Elasticsearch 学习第7篇—布尔过滤器

最新推荐文章于 2024-06-22 11:57:18 发布

水晶果冻1125

最新推荐文章于 2024-06-22 11:57:18 发布

阅读量785

点赞数

分类专栏： Elasticsearch 文章标签： Elasticsearch minimum_should_match bool 复合查询

本文链接：https://blog.csdn.net/m0_37617778/article/details/102610097

版权

Elasticsearch 专栏收录该内容

9 篇文章 0 订阅

订阅专栏

`bool` 过滤

bool 过滤可以用来合并多个过滤条件查询结果的布尔逻辑，bool 过滤器由三部分组成：

{
    "bool" : {
        "must" : [],
        "should" : [],
        "must_not" : [],
    }
}

它包含以下操作符：

must：多个查询条件的完全匹配,相当于 and。
must_not：多个查询条件的相反匹配，相当于 not。
should：至少有一个查询条件匹配, 相当于 or。

注意：

must、must_not语句里面如果包含多个条件，则各个条件间是且的关系，而should的多个条件是或的关系。
查询语句同时包含must和should时，可以不满足should的条件，因为must条件优先级高于should，但是如果也满足should的条件，则会提高相关性得分。
可以使用minimum_should_match参数来控制应当满足条件的个数或百分比，通常和should配合使用。
must、must_not、should支持数组，bool复合查询语句中使用不参与计算相关性得分的过滤查询时，可以将过滤内容写到filter中的查询语句中。

查询举例

测试数据如下：

_index	_type	_id	_score	first_name	last_name	age	about
megacorp	employee	5	1	李	国庆	38	I like to shopping foods
megacorp	employee	8	1	Li	Haijing	35	I like to shopping foods1
megacorp	employee	2	1	Jane	Smith	32	I like to collect rock albums
megacorp	employee	4	1	Li	Haijing	35	I like to shopping foods
megacorp	employee	6	1	张	张国庆	28	I like to shopping foods
megacorp	employee	1	1	John	Smith	25	I love to go rock climbing
megacorp	employee	3	1	Douglas	Fir	35	I like to build cabinets

mapping信息如下：

{
  "mapping": {
    "employee": {
      "properties": {
        "about": {
          "type": "text",
          "fields": {
            "keyword": {
              "type": "keyword",
              "ignore_above": 256
            }
          }
        },
        "age": {
          "type": "long"
        },
        "first_name": {
          "type": "text",
          "fields": {
            "keyword": {
              "type": "keyword",
              "ignore_above": 256
            }
          }
        },
        "interests": {
          "type": "text",
          "fields": {
            "keyword": {
              "type": "keyword",
              "ignore_above": 256
            }
          }
        },
        "last_name": {
          "type": "text",
          "fields": {
            "keyword": {
              "type": "keyword",
              "ignore_above": 256
            }
          }
        }
      }
    }
  }
}

使用es默认的标准分词器（它根据Unicode Consortium的定义的单词边界(word boundaries) 来切分文本，然后去掉大部分标点符号。
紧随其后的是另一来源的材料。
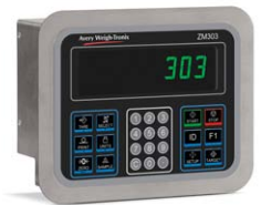
Stainless Panel Mount IBN Display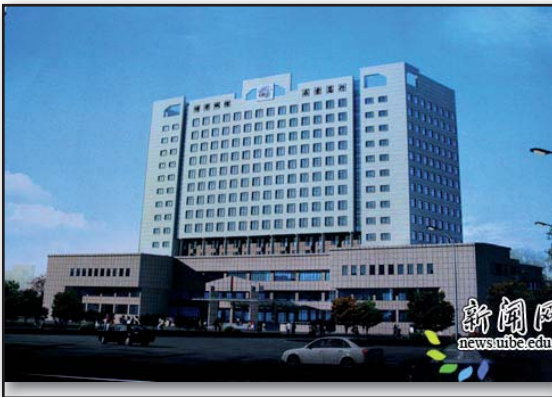
Model of finished Chengxin building

lion RMB worth of transformations. Some have been noticeable, from new seating, to cooking facilities, and a whole new dining floor; others changes are more subtle such as better ventilation, evacuation signaling, and insulation.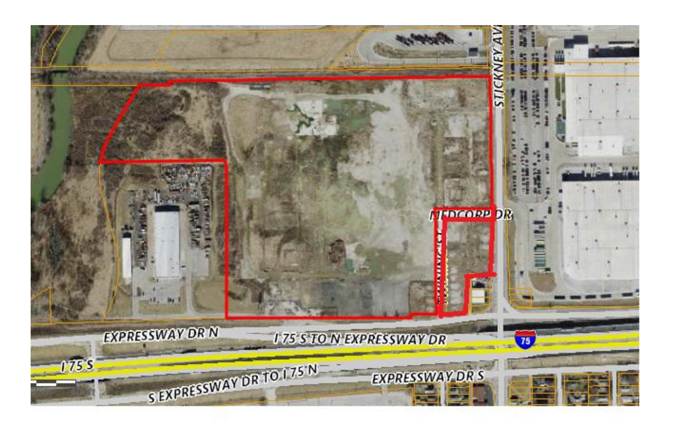
Legal Description of Parcels on following pages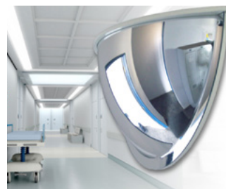
Deluxe Half Face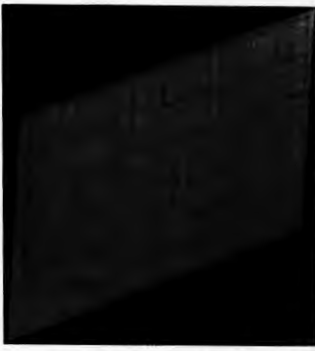
Fig. 3 Free condition of laminated design, analysis model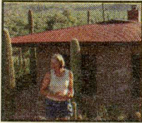
Page 9 Rammed Earth Home Building

最后，把所有词转为小写。例如Smith创建的分词索引是小新的smith）进行分词。

查询需求

找出年龄大于30岁但是不等于38岁的，first_name为Douglas或last_name为Smith的所有人，相当于下面sq;的

select * from employee where age>30 and age<>38 and (first_name="Douglas" or last_name="Smith")

es的布尔过滤查询语句

GET /megacorp/employee/_search
{
    "query" : {
        "bool" : {
            "filter" : {
                "range" : {
                    "age" : { "gt" : 30 }
                }
            },
            "must_not": {
              "term":{"age":38}
            },
            "should": [
                {"term":{"last_name":"Smith"}},
                {"term":{"first_name":"Douglas"}}
              
            ]
        }
    }
}

结果

{
  "took" : 2,
  "timed_out" : false,
  "_shards" : {
    "total" : 5,
    "successful" : 5,
    "skipped" : 0,
    "failed" : 0
  },
  "hits" : {
    "total" : 4,
    "max_score" : 0.0,
    "hits" : [
      {
        "_index" : "megacorp",
        "_type" : "employee",
        "_id" : "8",
        "_score" : 0.0,
        "_source" : {
          "first_name" : "Li",
          "last_name" : "Haijing",
          "age" : 35,
          "about" : "I like to shopping foods1",
          "interests" : [
            "music1"
          ]
        }
      },
      {
        "_index" : "megacorp",
        "_type" : "employee",
        "_id" : "2",
        "_score" : 0.0,
        "_source" : {
          "first_name" : "Jane",
          "last_name" : "Smith",
          "age" : 32,
          "about" : "I like to collect rock albums",
          "interests" : [
            "music"
          ]
        }
      },
      {
        "_index" : "megacorp",
        "_type" : "employee",
        "_id" : "4",
        "_score" : 0.0,
        "_source" : {
          "first_name" : "Li",
          "last_name" : "Haijing",
          "age" : "35",
          "about" : "I like to shopping foods",
          "interests" : [
            "forestry"
          ]
        }
      },
      {
        "_index" : "megacorp",
        "_type" : "employee",
        "_id" : "3",
        "_score" : 0.0,
        "_source" : {
          "first_name" : "Douglas",
          "last_name" : "Fir",
          "age" : 35,
          "about" : "I like to build cabinets",
          "interests" : [
            "forestry"
          ]
        }
      }
    ]
  }
}

结果中有4条文档命中，而我最开始的预期是只有两条数据，即下图中红框中标注的数据

但实际结果是，蓝色框中的数据也查询出来了。原因如下：

查询语句同时包含must（filter、must_not）和should时，可以不满足should的条件，因为must条件优先级高于should，但是如果也满足should的条件，则会提高相关性得分。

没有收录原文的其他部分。